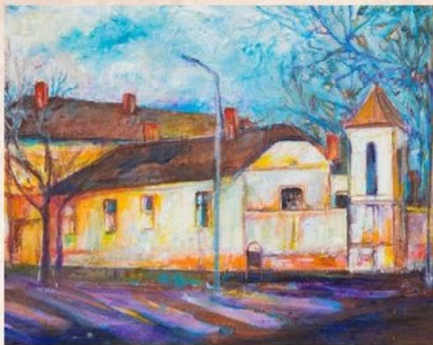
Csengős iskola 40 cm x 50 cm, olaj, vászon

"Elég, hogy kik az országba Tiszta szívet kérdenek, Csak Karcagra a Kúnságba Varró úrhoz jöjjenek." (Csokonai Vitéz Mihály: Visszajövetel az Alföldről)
--
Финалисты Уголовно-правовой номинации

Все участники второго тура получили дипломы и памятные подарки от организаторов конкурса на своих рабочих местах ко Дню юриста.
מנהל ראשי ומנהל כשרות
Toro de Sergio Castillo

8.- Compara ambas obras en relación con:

■ PROBLEM REQUIREMENTS: Everything from the line with "Csengős iskola 40 cm x 50 cm, olaj, vászon" through the line with "Visszajövetel az Alföldről)" in the listing above must be retyped exactly, with nothing added.

■ OUTPUT:
Csengős iskola 40 cm x 50 cm, olaj, vászon

"Elég, hogy kik az országba Tiszta szívet kérdenek, Csak Karcagra a Kúnságba Varró úrhoz jöjjenek." (Csokonai Vitéz Mihály: Visszajövetel az Alföldről)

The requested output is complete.